Suppose that f is a function of a single parameter whose output is n-dimensional (m 1 x m 2 x hell m n ) and that B is a vector of length k whose elements are valid arguments for f .
I am looking for a convenient and, more importantly, "agnostic form" MATLAB expression (or recipe) for creating an (n + 1) -dimensional (m 1 × m 2 × × & hellip; × m n & times; k) an array obtained by "stacking" k n -dimensional arrays f(b) , where the parameter B is in the range B
To do this in numpy , I would use an expression like this:
C = concatenate([f(b)[..., None] for b in B], -1)

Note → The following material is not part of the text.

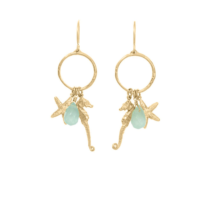 These Sealife Charm Earrings by Catherine Weitzman capture the whimsical allure of the ocean with an effortless grace. Part of the Seaside collection, the delicate seahorse and starfish charms are cast from actual marine life, bringing authenticity and intricate detail to every piece. Enhanced by soft blue chalcedony accents, these earrings evoke memories of summer strolls along the shore and days filled with salty air. Ideal for ocean lovers, their sweet scale and elegant design make them perfect for everyday wear or special seaside moments.
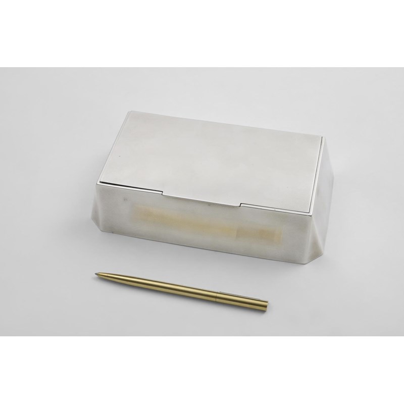 of oblong form with angled sides and corners, engine-turned decoration and a light-coloured wood lining, inscribed inside "Xmas 1941 Rene Francis" by S.J. Rose, London 1936 (retailed by Fortnum & Mason), together with a gold-plated Bulgari "Eccentric" ball point pen with two refills; the box 8" (20 cms) long (2)

In the case of its use, I will unpack this numerical expression below (see APPENDIX ), but its feature, which I want to emphasize now, is that it is completely agnostic for figures / sizes f(b) and B For the types of applications that I have in mind, the ability to write such “formal agnostic” code is of paramount importance. (I emphasize this point because a lot of the MATLAB code that I come across for this kind of manipulation is clearly not “formally agnostic,” and I don't know how to do it.)
application
In the general case, if A is a numpy array, the expression A[..., None] can be considered as a “change of form" of A , so that it takes one additional, trivial dimension. Thus, if f(b) is n-dimensional (m 1 · m 2 · hellip; × m n ), then f(b)[..., None] is corresponding (n + 1) - dimensional (m 1 x m 2 x? hellip; m n x 1) array. (The reason for adding this trivial dimension will become apparent below.)
Given this clarification, the meaning of the first concatenate argument, namely:
[f(b)[..., None] for b in B]
not too hard to decrypt. This is a standard Python list comprehension, and it evaluates a sequence of k (n + 1) -dimensional (m 1 x m 2 x & hellip; x m n x 1) arrays f(b)[..., None] , since the parameter B runs through the vector B
The second argument to concatenate is the "axis" along which concatenation should be performed, expressed as an index of the corresponding dimension of the arrays to be combined. In this context, the -1 index plays the same role as the end keyword in MATLAB. Therefore, the expression
concatenate([f(b)[..., None] for b in B], -1)
says "combine the arrays f(b)[..., None] along their last dimension." This means that this “last dimension” is concatenated by the need to change the array f(b) (for example, f(b)[..., None] ).